Poison messages belong in a dead letter topic with structured failure reasons: HTTP status, truncated body, timeout flag. Operators need search, not raw logs. Include the original headers, the delivery attempt history, and a correlation ID that links back to the source event. A well designed dead letter store is queryable by endpoint, by error category, and by time range so incident responders can scope the blast radius in seconds.

Dead letter queues without replay tooling are archives, not recovery systems. Build a replay API that lets operators resubmit a filtered set of events with a single call. Support dry run mode so teams can preview which events will fire before committing. Log every replay as a distinct delivery attempt so audit trails remain unbroken and downstream idempotency checks can distinguish original deliveries from operator initiated retries.

Partial success is the subtle failure mode. If your handler wrote to the database then crashed before acknowledging the queue message, your idempotency layer must recognize the duplicate and short circuit safely. Store a completion token alongside the business write in the same transaction. On retry, check for that token before executing any side effects. This pattern turns a dangerous reprocessing scenario into a cheap lookup that preserves exactly once application semantics.

Engineering team collaborating around laptops during a release planning session — Release quality improves when product, platform, and operations teams review delivery signals together.
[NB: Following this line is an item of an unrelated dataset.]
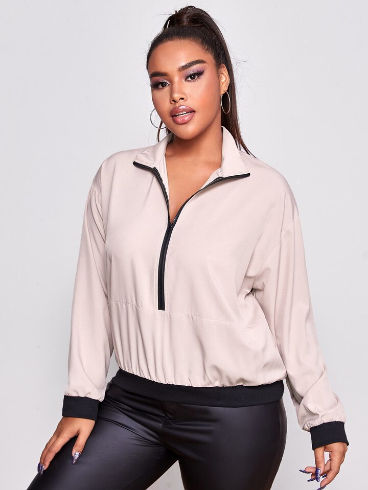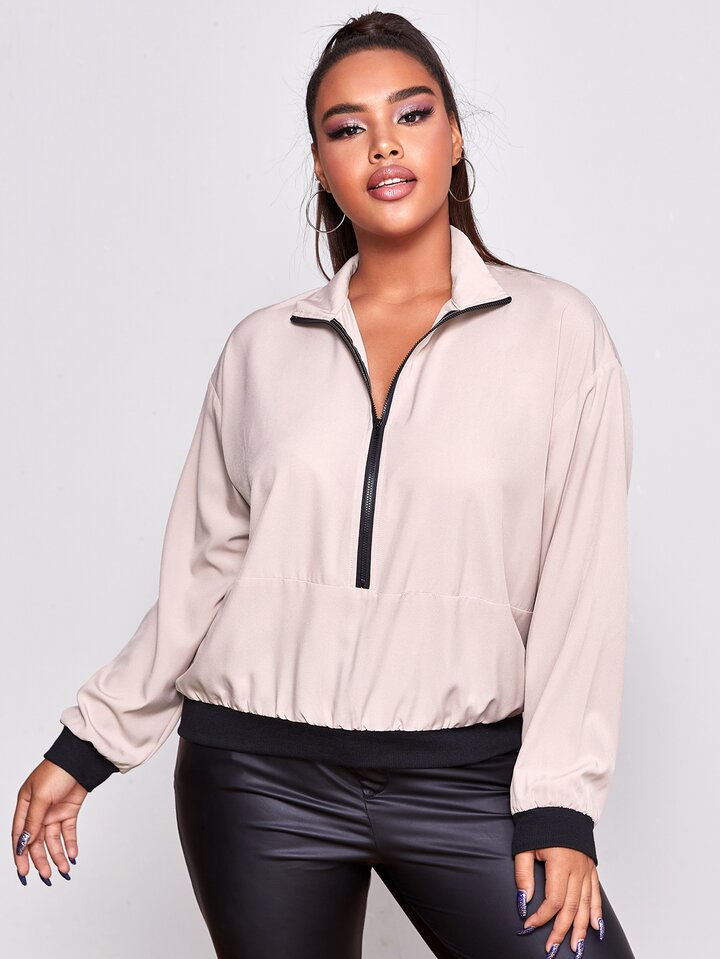 القميص الرياضي والياقة القمع بنصف السستة والقياس الكبير

Rate limiting outbound deliveries protects both your infrastructure and your consumers. Publish per endpoint rate limits in your API documentation and enforce them at the queue worker level. When a consumer returns HTTP 429, respect the Retry After header and adjust your scheduling accordingly. Treating rate limit responses as temporary failures rather than errors prevents unnecessary dead lettering and keeps the relationship between producer and consumer cooperative.

Observability should chart attempt histograms, age of oldest undelivered message, and consumer lag for each tenant tier. Sudden lag often precedes certificate expiry or DNS cutovers. Add percentile latency tracking for first delivery success and total time to final disposition. Alert on the derivative of failure rate rather than absolute counts so you catch regressions early without drowning in noise from endpoints that have been failing for weeks.
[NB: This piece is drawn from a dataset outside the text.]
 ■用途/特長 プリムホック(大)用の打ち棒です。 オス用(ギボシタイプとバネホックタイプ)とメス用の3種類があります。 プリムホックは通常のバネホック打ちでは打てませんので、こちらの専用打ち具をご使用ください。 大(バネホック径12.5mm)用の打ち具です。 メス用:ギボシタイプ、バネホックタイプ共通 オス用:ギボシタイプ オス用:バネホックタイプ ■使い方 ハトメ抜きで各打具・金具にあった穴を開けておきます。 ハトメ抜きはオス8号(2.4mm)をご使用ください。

Structured logging for every delivery attempt pays dividends during incident triage. Include the event type, endpoint identifier, attempt number, response status, and round trip latency in every log line. When these fields are indexed, an operator can reconstruct the full delivery timeline for any event in seconds. Pair logs with distributed traces that span from the originating service through the queue worker to the consumer acknowledgment for complete visibility.
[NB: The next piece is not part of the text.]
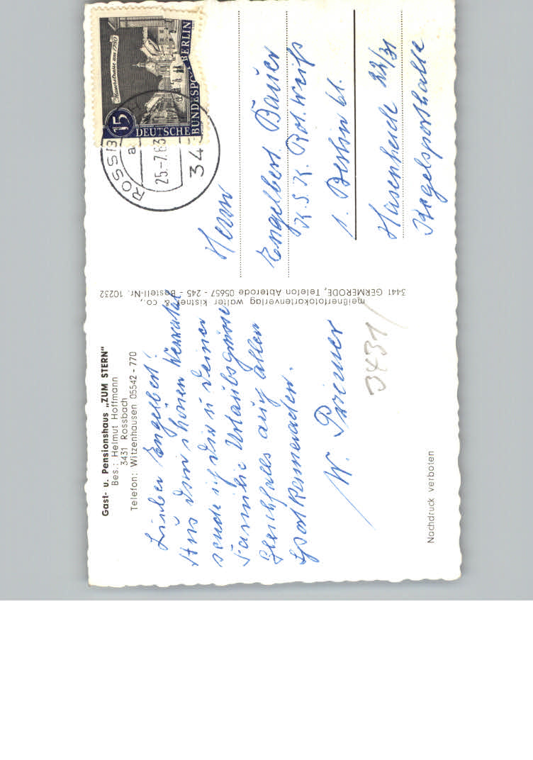 31130072 Rossbach Witzenhausen Gasthaus Pension Zum Stern postalisch nicht gelaufen KatCode: 11110006636016
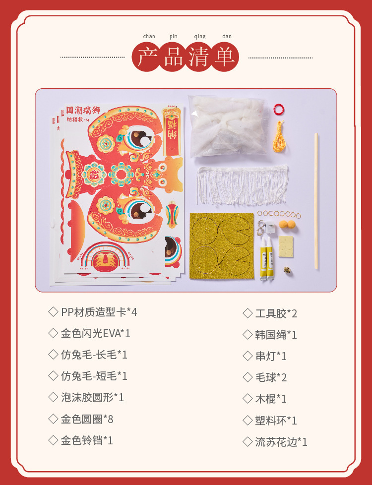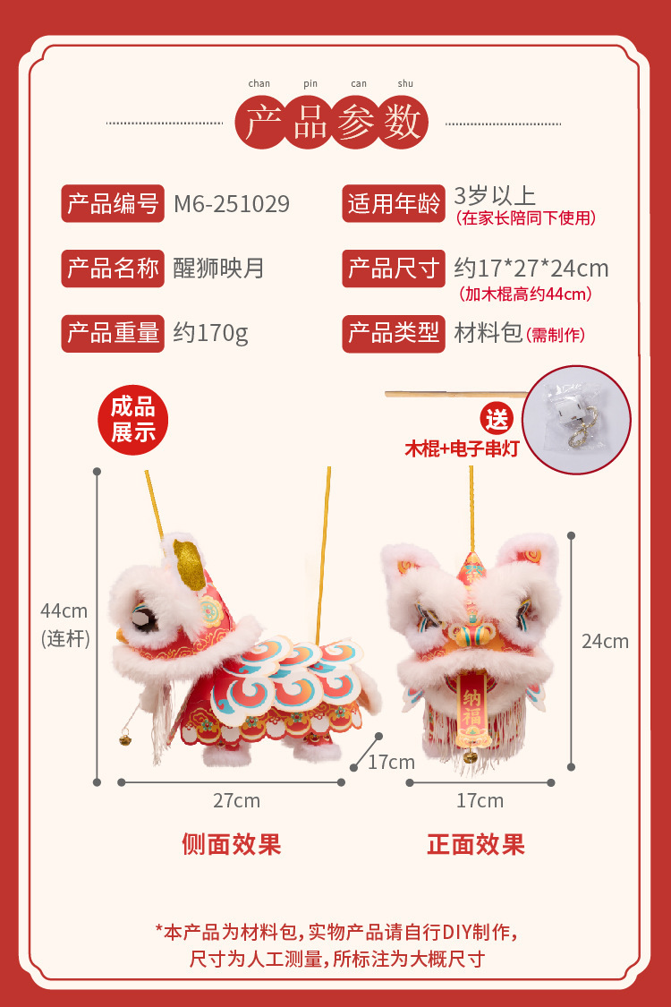 春节手工灯笼2026新款国潮醒狮手工diy材料儿童装饰拍照传统花灯

Tenant isolation in a multi consumer webhook system prevents noisy neighbor problems. Partition retry queues by consumer tier or endpoint health score so that a single degraded subscriber does not inflate backpressure for healthy ones. Priority lanes let you guarantee delivery SLAs for premium integrations while best effort consumers absorb delays gracefully. This architecture mirrors how CDNs separate traffic classes and applies the same principle to event delivery.

Contract testing with sandbox endpoints catches schema drift before production. Version webhooks in the path or header and sunset old versions with published timelines. Provide a test harness that replays recent production event shapes against staging consumers so partners can validate their parsers ahead of any schema migration. Automated compatibility checks in your CI pipeline flag breaking changes before they merge, shifting integration failures left where they cost least to fix.

A mature webhook platform is not a single service but a coordinated system of producers, queues, retry schedulers, dead letter stores, replay tools, and observability layers. Investing in each component incrementally transforms outbound events from a fragile courtesy notification into a contractual data delivery channel. Teams that treat webhook infrastructure with the same rigor as their primary API earn partner trust and reduce the operational burden of scaling integrations across dozens of consumers.